Articles on the Voting Rights Act are being filed in the “obituary” section, even though the act is less than fifty years old. Last week, a US Court of Appeals decision ruled against Shelby County, Alabama, which challenged the constitutionality of VRA’s Section 5. A three-judge panel ruled two to one that it was still constitutional, but the dissenting judge, Senior Circuit Judge Stephen F. Williams, asked some tough questions that will need to be resolved before the Supreme Court inevitably looks at it again (In 2009, SCOTUS punted on this issue, but expressed serious skepticism about Section 5’s vitality.) Wrote Judge Williams in his dissent:
Why should voter ID laws from South Carolina and Texas be judged by different criteria…from those governing Indiana? A glimpse at the charts shows that Indiana ranks “worse” than South Carolina and Texas in registration and voting rates, as well as in black elected officials. This distinction in evaluating the different states’ policies is rational?
South Carolina and Texas are “covered jurisdictions” under Section 5, while Indiana, which has a worse voting record, is not. As Williams pointed out, none of those three states are among the top ten worst offenders on voting rights. So the coverage formula needs to be reconsidered, Williams concluded. The coverage formula of Section 5 is the ankle bracelet for Southern states and counties (and a few Northern counties) that have been placed on house arrest for repeated voting rights violations mostly throughout America’s Jim Crow era. States like Alabama, Texas and South Carolina want courts to take that ankle bracelet off.

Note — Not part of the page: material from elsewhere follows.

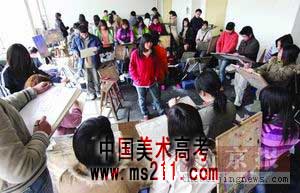 考生們擁擠在畫室里進(jìn)行考前的強(qiáng)化訓(xùn)練

While those states claim they are no longer running errands for Jim Crow, Section 5 is set up to ensure that they never go back to doing it. How Section 5 works is that if a covered state or county wants to make election law changes, it needs pre-clearance from the Department of Justice or federal courts. To earn pre-clearance, the covered jurisdiction must prove that the law change won’t have “the purpose … nor the effect,” of racial discrimination. That’s important: It’s not enough to say you don’t intend to disenfranchise black or Latino voters; you must assure that racial disenfranchisement doesn’t become an unintended consequence.
In short, Section 5 is a precautionary principle agent. It forces certain jurisdictions to thoroughly think through voting legislation before implementation by proving first that it won’t harm, as opposed to allowing implementation first, and then dealing with any harm after it’s already been done. It prioritizes permission over forgiveness and recklessness, and yes, in some ways that limits some states’ and counties’ discretion, but our lesson learned from the twentieth century was that left to their own discretion, some states and counties will be reckless with voting rights and won’t even ask for forgiveness.
But Williams’ beef isn’t with Section 5, rather whom it’s applied to. If it’s true that some non-covered states are worse for voters of color than some covered states, then that’s problematic. If SCOTUS also finds it problematic, as they’ve already indicated they do, then that could be Section 5’s death knell. As Jeffrey Toobin observed in The New Yorker, “That melancholy observation led Williams to conclude that the Voting Rights Act should not apply anywhere anymore.”